Start of Records provided
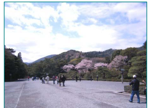
伊勢神宮 内宮 参道

次に、直木孝次郎氏の場合を見てみよう。氏は戦後間もない昭和二十六年に「天照大神と伊勢神宮の起源」(『日本古代の氏族と天皇』塙書房、一九六四、所収)を世に問い、新しい時代における天照大神・伊勢神宮問題の一つの考え方を提示した。氏の所説の要点をまとめると次のようになる。( )内、筆者注
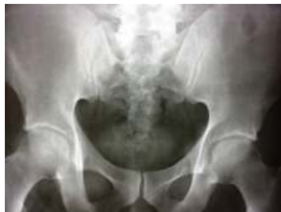
Figura 2 – Radiografía de pelvis. Esclerosis de las articulaciones sacroiliacas.

Los observadores iniciales consideraron un infarto agudo de miocardio con elevación del ST, razón por la cual decidieron trombolizar con alteplase, con mejoría del dolor precordial y disminución del segmento ST en el EKG de control posttrombólisis. Los paraclínicos mostraron: troponina inicial de 2,88 ng/mL (positiva >0,5); segunda troponina de control de 6,53 ng/mL y tercera troponina de 14,7 ng/mL. El ecocardiograma TT mostró una cardiopatía hipertrófica concéntrica y miocardio hiperdinámico. FEVI: 70%. Hipoquinesia leve inferior. PSP: 33 mmHg. Aurículas normales. Leve dilatación de la aorta ascendente. Fue llevado a angiografía coronaria, donde reportaron arterias coronarias sin lesiones. Durante su
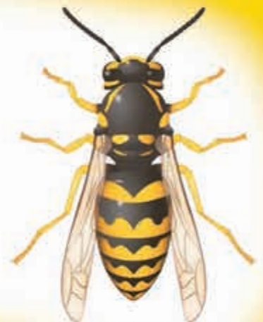
хьэдзыгъуанэшхуэ (большая оса)
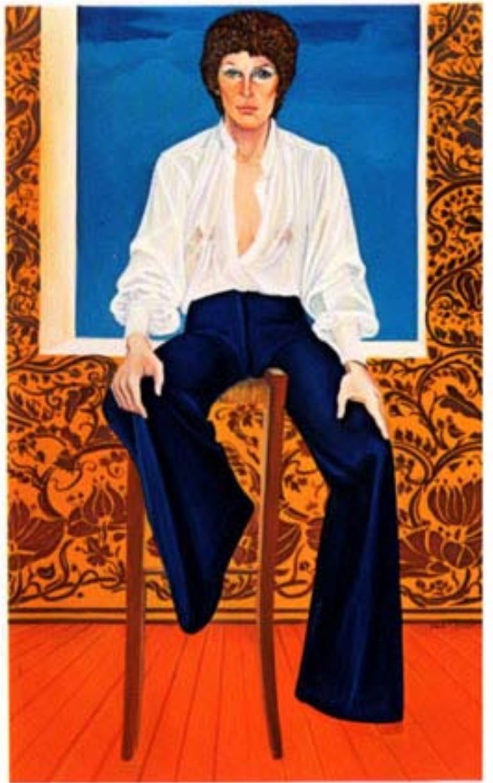
olio su tela c., 100x160 Paoletta
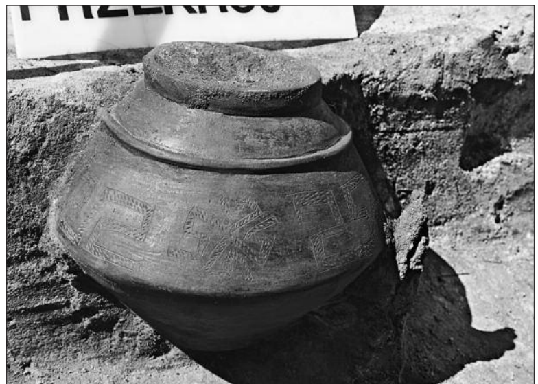
Ryc. 4. Pólko. Obiekt 141 – ciałopalny grób popielnicowy kultury przeworskiej z okresu wpływów rzymskich.
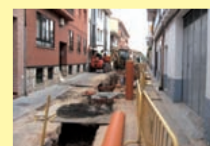
En marcha la renovación de redes
End of Records provided
(Work task): Lines from the start of the listing above through the line holding "Figura 2 – Radiografía" are to be duplicated exactly, and nothing more; leave out the pictures.

(Completed task):
伊勢神宮 内宮 参道

次に、直木孝次郎氏の場合を見てみよう。氏は戦後間もない昭和二十六年に「天照大神と伊勢神宮の起源」(『日本古代の氏族と天皇』塙書房、一九六四、所収)を世に問い、新しい時代における天照大神・伊勢神宮問題の一つの考え方を提示した。氏の所説の要点をまとめると次のようになる。( )内、筆者注
Figura 2 – Radiografía de pelvis. Esclerosis de las articulaciones sacroiliacas.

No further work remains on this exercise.